Britain is a country older than most, and our long history has left us with a visible legacy. The architecture of this country is a testament to our innovation and building prowess. However, it does mean that many of the homes people live in aren’t necessarily suitable for modern life. Heating, for instance, is a notorious issue for older buildings.

Additionally, getting the right amount of light inside is a challenge, for a number of reasons. In this post, we take a look at how best to maximise the amount of natural light in older properties up and down the UK.

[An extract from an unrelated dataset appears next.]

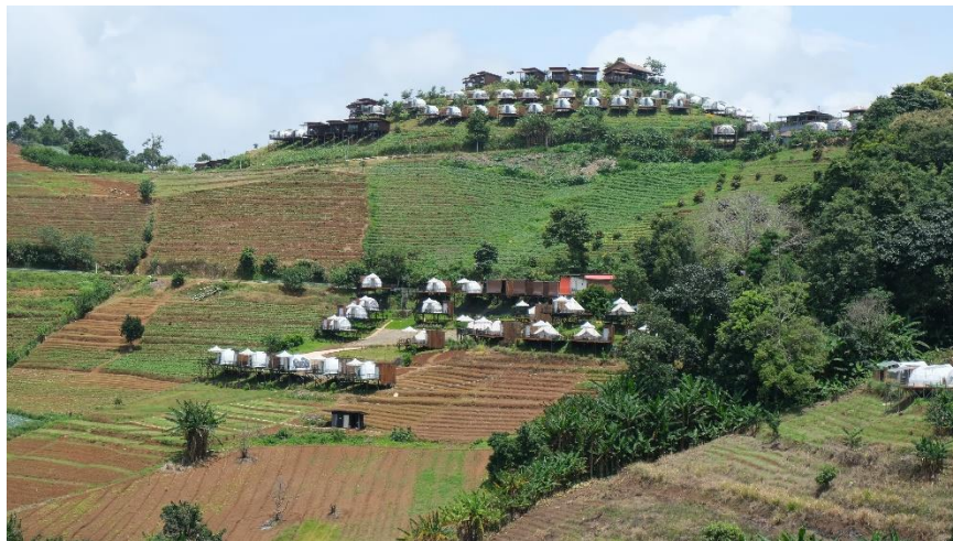
ภาพที่ 1 สภาพทั่วไปของพื้นที่ของบ้านหนองหอยเก่า บ้านหนองหอยใหม่ บ้านแม่ชี - ปางไฮ และบ้านห้วยห้วย

Writing for @CNET, Alina Bradford explains the science behind light and its effects:

“Light receptors in our eyes trigger our brains to make certain hormones that keep us awake and balance our moods. Without the proper amount of light, the brain doesn’t make these important chemicals. In the fall and winter, shorter days with less sunlight can mean less hormone production and in turn, affect your mood. For example, if you’re tired and depressed when fall and winter comes around, it could be a lack of sunlight to blame. You may even have seasonal affective disorder (SAD), a type of depression that changes with the seasons.”

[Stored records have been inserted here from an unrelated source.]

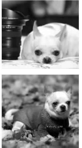
360°无死角帅哥毛毛落叶写真照

去年7月份的时候, 我们一家三口去云南旅游, 把它送到我妈妈家代为照顾, 结果我们离开的10天里, 它几乎没怎么吃东西, 瘦了一大圈。等我们回来才开始好好吃饭。但是因为我们的离开, 它生了好久的气,
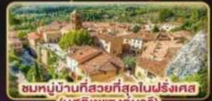
ชมหมู่บ้านที่สวยงามที่สุดในฝรั่งเศส (มูสดีเยแซงมาร์)
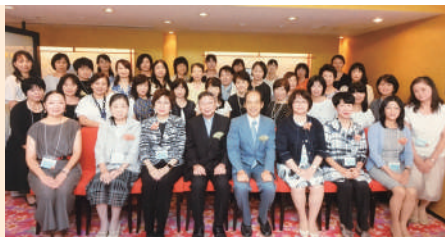
同窓生の輪が広がります
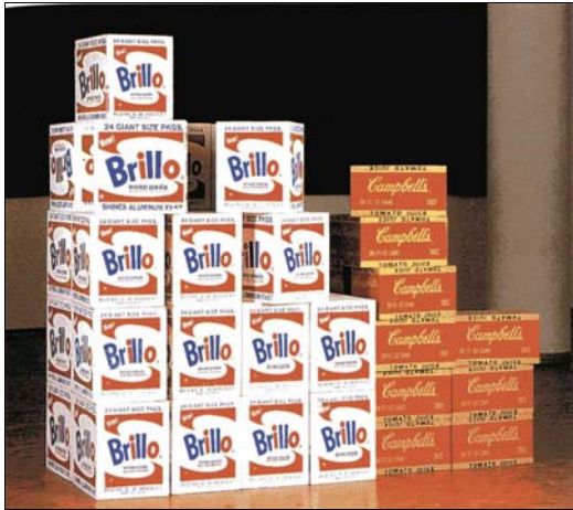
■ Lám. 1. Andy Warhol, Brillo Boxes (Soap Pads) and Campbell's Boxes (Tomato Juice) , 1964, Museum Ludwig, Colonia.
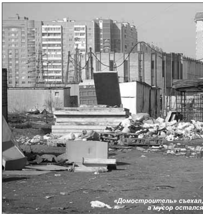
«Домостроитель» съехал, а мусор остался
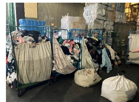
分別後の回収衣類
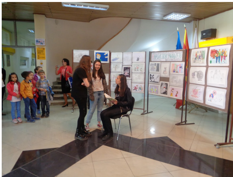
Од промоцијата на проектот

With this in mind, it’s imperative we allow more light into our older homes. The least expensive and invasive solution to a lighting problem is to install mirrors to make more of the light that does make it inside. It will also have the added bonus of making small spaces feel larger.

Building an orangery

One of the best ways to introduce more light into your older home is to build an orangery. Built to complement the aesthetic of the existing structure, an orangery won’t suffer from the same issues that a conservatory might. It uses more bricks in its structure and has a tiled roof, both of which will help to insulate it. Not only is it more pleasant to use in winter, but it won’t suffer from the greenhouse effect that makes it impractical to sit in during the summer.

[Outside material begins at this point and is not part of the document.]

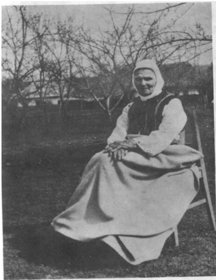
Mama Aniței, în 1940.
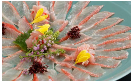
金目鯛薄造り (1尾) 9,500円

This makes an orangery exceptionally versatile, allowing homeowners to use it as a living area, an extension to a kitchen, or a children’s playroom.

Adding new windows

This next option will require a little more consideration on your part, but depending on your property you may be able to enlarge the windows. The key is to identify where you’ll get the most bang for your buck, so to speak. This is the windows where making them larger would make the most difference.

Areas like stairs, bedrooms and bathrooms are all good spots for larger windows, for a simple reason: they often have smaller windows in old properties.

Adding an extension

If you want to make a real difference to your home, you might choose to extend it with something that takes advantage of both natural light and more modern technology.

Sit down with an architect and discuss your needs; they have experience of turning those fantasies into reality without disturbing a house’s aesthetic or the area it’s in. Get in touch today to find out more about what we can do for you.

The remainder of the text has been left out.